Walt Staehle, food and beverage industry manager for automation supplier Siemens Industry, Inc., says they should do this not only in light of new regulatory implications, but also in the context of how automation software can help them improve their overall business efficiency and performance, while reducing their recall risk profile and protecting the value of their brand.

Product traceability within the food and beverage supply chain documents where intermediate and final products are, where they are going and where they came from, says Staehle. An important capability of a traceability system is handling recalls quickly and efficiently, to limit the spread of illness and damage to customers’ confidence and trust to a producer’s brand. At the same time, producers need to respond to increasing market demands for more products, for shorter time-to-market and for multi-site production, all of which requires them to create strict production protocols that always ensure high quality output.

It’s important to note that traceability is a plant issue and not a business one. That’s because it’s only at the plant level that you can achieve the right visibility of the individual product lots and their process CCPs. Plant IT infrastructure must support continuous integration of production operations and shop-floor activities to effectively monitor where and when ingredients and intermediate products are moved and transformed or where and when final products are stored or shipped.

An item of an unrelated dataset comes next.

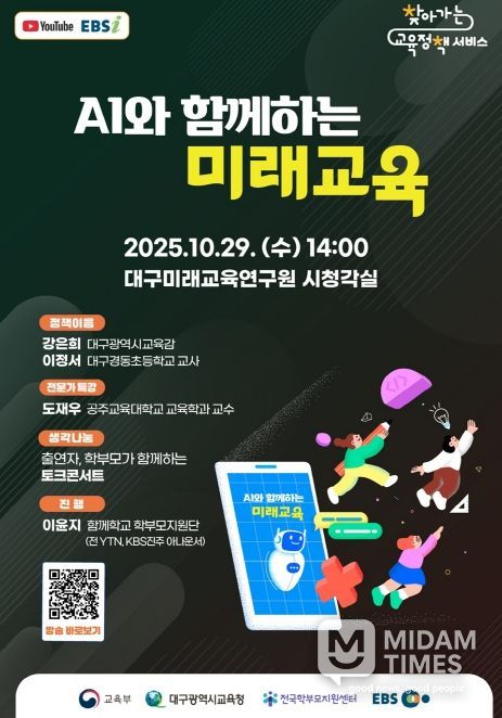 이번 행사는‘AI와 함께하는 미래교육’을 주제로 학부모가 국가 및 지역 교육정책의 방향을 이해하고, 정책 형성과 실행 과정에 참여할 수 있도록 돕기 위해 마련된 자리로, 대구시교육청과 교육부가 공동 주최하고 한국교육방송공사(EBS)가 주관한다.

Process genealogy supports traceability by providing two key functions: One is called “genealogy execution,” which builds a record of the myriad production steps taken inside a plant; the other is called “genealogy analysis,” which provides the means to display upstream or downstream information from any point within the plant or, given extended interoperability with the systems of suppliers and channel customers, within the supply chain. If a recall is needed, every ingredient can be traced for every product. If done soon enough, product lots can be recalled before their goods reach a store, saving customers from possible illness and saving producers expense and brand damage.

Manufacturing execution systems (MESs) can build comprehensive product genealogies by recording data on any inbound ingredient such as ID number, incoming date and time, its supplier’s delivery information and so forth. The systems then can record every step of those ingredients’ processing along the entire manufacturing lifecycle. This includes their transformation into intermediate materials and where they flow through the plant. In case of contamination, finding out where and when products were processed, moved and stored during production becomes quick and easy, thanks to a complete genealogical history of a product. 

Given the critical importance of food safety and food defense to producers, both need to be viewed not as expenses but as an important capital investment in the future of their businesses, says Staehle. The same return on investment (ROI) criteria should be used, just as if a new production line or packaging machine is being considered.

Take, for example, the fact that an average recall costs $10 million, not counting hidden contingent costs. For a producer with $100 million in annual sales and 10 percent net margins, a recall’s cost of that size would wipe out bottom line profit for the year.

A high-quality food safety and defense program, with the former based on Siemens Totally Integrated Automation (TIA) environment coupled with an MES, would require up to a million dollars in startup capital investment. Amortized over 10 years, that’s $100,000 a year. Add to that a 15 percent operating cost of $150,000 a year and the total annual investment in comprehensive food safety and defense protections would be $250,000 or about 0.25 percent of annual revenue.

This would seem a reasonable investment in protecting annual profits and brand equity, which in quantified terms, would be the sum to-date of all investments in promotion and distribution during the life of the product.

Notably, this investment calculation only takes into consideration the cost avoidance of a recall and does not include other quantifiable benefits from a TIA/MES combination, such as greater operating precision, production line flexibility and product throughput, while realizing labor savings through automation.